Work item: Look through the listing below for the line with "2021年4月1日下午3点,公司于公管楼" and the line with "在啟動儀式上,活動環(huá". Copy both, along with every line between them, exactly and with no pictures.

Excerpted records:
==============================

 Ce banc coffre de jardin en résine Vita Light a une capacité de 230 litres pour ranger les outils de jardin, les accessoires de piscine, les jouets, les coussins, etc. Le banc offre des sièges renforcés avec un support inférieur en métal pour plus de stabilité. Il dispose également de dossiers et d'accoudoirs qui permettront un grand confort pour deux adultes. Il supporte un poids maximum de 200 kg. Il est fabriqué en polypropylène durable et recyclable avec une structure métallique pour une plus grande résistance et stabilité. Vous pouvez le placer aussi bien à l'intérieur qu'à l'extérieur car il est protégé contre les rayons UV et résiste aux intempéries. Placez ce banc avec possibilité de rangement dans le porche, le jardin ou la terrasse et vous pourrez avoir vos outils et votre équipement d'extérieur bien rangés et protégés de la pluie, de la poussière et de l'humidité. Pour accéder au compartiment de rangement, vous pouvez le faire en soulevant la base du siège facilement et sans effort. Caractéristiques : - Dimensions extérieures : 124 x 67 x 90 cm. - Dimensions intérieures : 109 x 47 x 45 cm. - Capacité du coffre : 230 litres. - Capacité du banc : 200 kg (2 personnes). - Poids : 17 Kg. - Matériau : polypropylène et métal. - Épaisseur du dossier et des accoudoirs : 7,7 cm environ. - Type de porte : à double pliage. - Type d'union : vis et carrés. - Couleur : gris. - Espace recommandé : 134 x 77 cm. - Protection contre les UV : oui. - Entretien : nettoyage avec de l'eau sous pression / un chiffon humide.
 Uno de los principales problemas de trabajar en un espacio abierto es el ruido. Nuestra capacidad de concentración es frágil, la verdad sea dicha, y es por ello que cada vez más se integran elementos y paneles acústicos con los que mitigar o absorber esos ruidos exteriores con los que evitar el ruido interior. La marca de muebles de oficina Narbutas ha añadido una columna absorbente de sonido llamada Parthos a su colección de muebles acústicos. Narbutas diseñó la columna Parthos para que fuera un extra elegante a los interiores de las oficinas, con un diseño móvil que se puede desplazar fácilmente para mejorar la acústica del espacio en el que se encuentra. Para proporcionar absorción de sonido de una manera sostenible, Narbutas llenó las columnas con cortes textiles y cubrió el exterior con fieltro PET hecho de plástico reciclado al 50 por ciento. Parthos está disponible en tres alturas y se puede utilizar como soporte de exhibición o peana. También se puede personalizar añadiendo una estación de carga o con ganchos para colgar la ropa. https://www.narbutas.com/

==============================

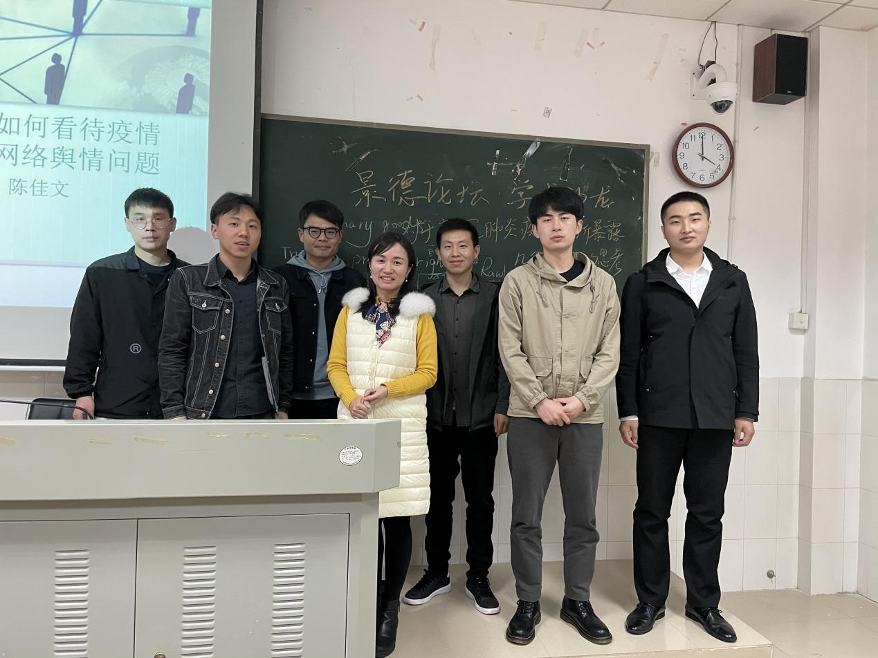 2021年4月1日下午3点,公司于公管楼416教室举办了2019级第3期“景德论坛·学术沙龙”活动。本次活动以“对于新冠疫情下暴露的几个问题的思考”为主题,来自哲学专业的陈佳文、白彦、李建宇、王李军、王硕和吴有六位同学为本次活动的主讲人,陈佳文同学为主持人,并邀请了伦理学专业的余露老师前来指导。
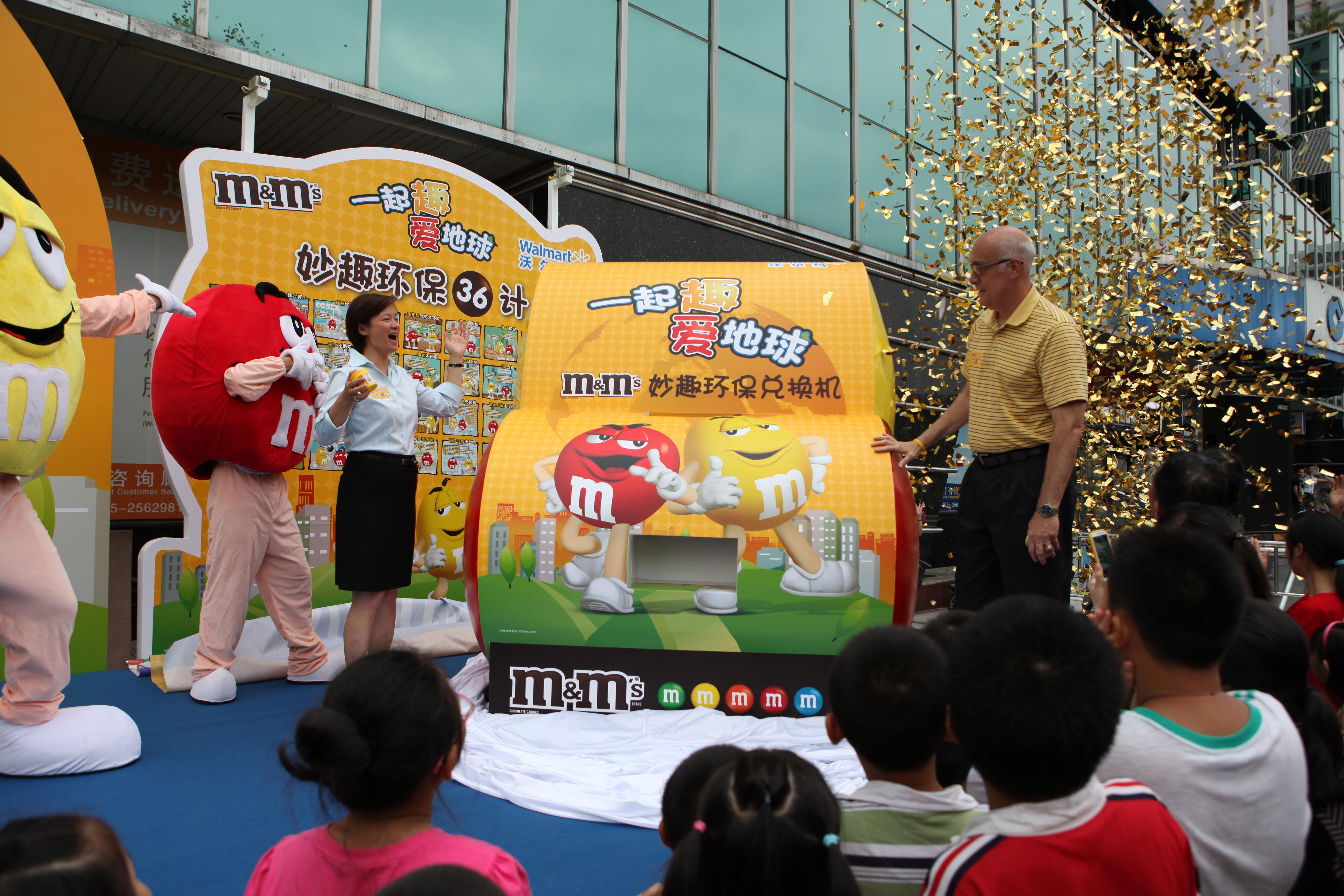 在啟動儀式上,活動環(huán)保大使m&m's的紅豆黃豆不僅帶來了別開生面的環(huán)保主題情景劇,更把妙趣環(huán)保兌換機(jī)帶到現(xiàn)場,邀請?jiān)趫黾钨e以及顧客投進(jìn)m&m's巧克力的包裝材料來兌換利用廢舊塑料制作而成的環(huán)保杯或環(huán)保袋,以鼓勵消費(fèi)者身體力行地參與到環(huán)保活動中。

==============================

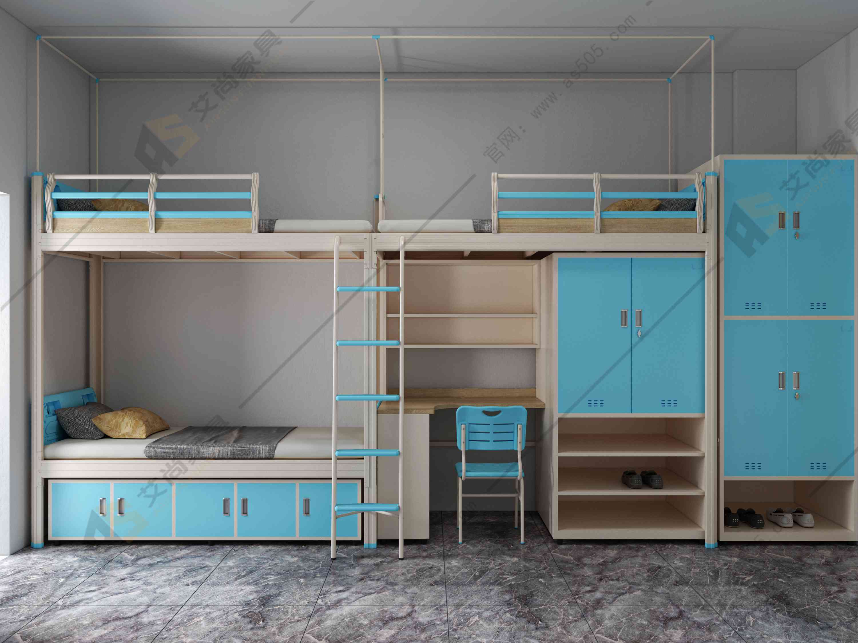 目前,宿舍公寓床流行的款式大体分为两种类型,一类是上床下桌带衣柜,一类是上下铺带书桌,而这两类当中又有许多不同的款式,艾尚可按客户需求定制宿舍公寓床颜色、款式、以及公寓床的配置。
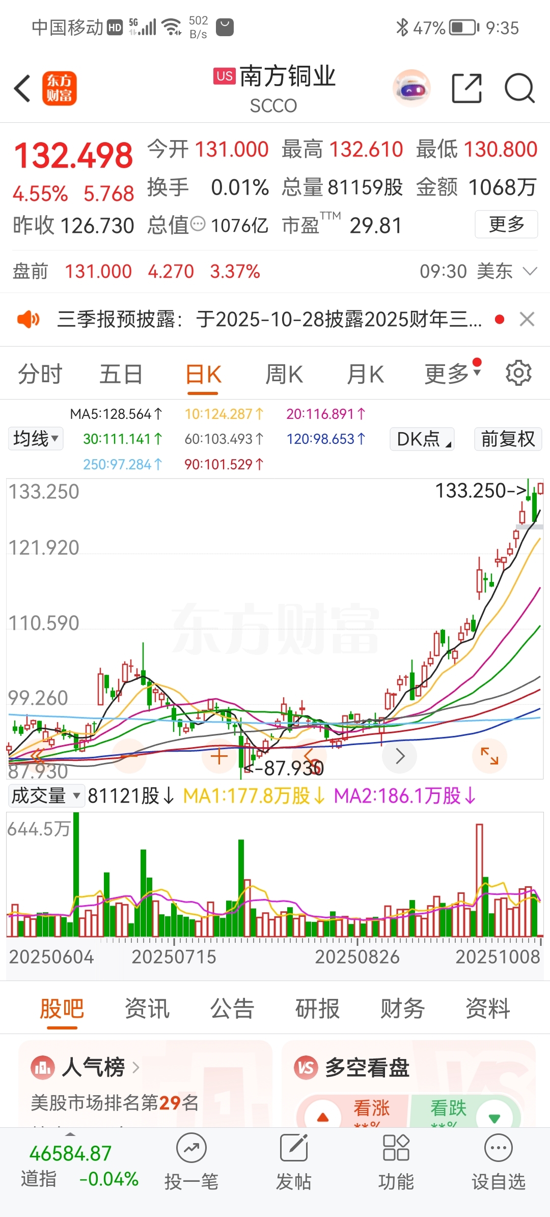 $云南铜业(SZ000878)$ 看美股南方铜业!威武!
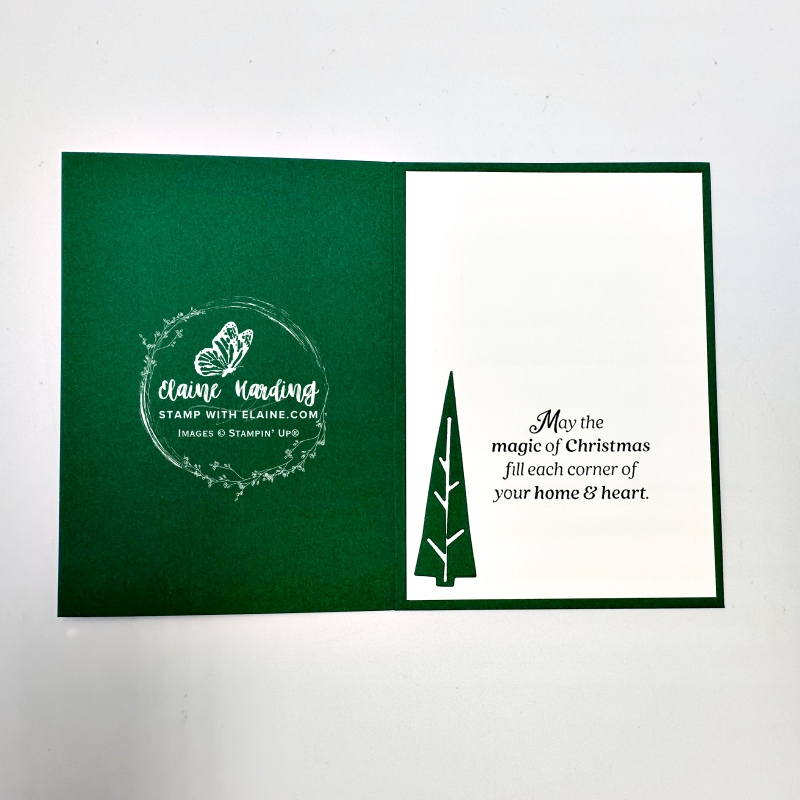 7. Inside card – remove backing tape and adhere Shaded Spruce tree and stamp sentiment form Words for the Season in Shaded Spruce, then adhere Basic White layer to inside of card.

==============================

Output below:
 2021年4月1日下午3点,公司于公管楼416教室举办了2019级第3期“景德论坛·学术沙龙”活动。本次活动以“对于新冠疫情下暴露的几个问题的思考”为主题,来自哲学专业的陈佳文、白彦、李建宇、王李军、王硕和吴有六位同学为本次活动的主讲人,陈佳文同学为主持人,并邀请了伦理学专业的余露老师前来指导。
 在啟動儀式上,活動環(huán)保大使m&m's的紅豆黃豆不僅帶來了別開生面的環(huán)保主題情景劇,更把妙趣環(huán)保兌換機(jī)帶到現(xiàn)場,邀請?jiān)趫黾钨e以及顧客投進(jìn)m&m's巧克力的包裝材料來兌換利用廢舊塑料制作而成的環(huán)保杯或環(huán)保袋,以鼓勵消費(fèi)者身體力行地參與到環(huán)保活動中。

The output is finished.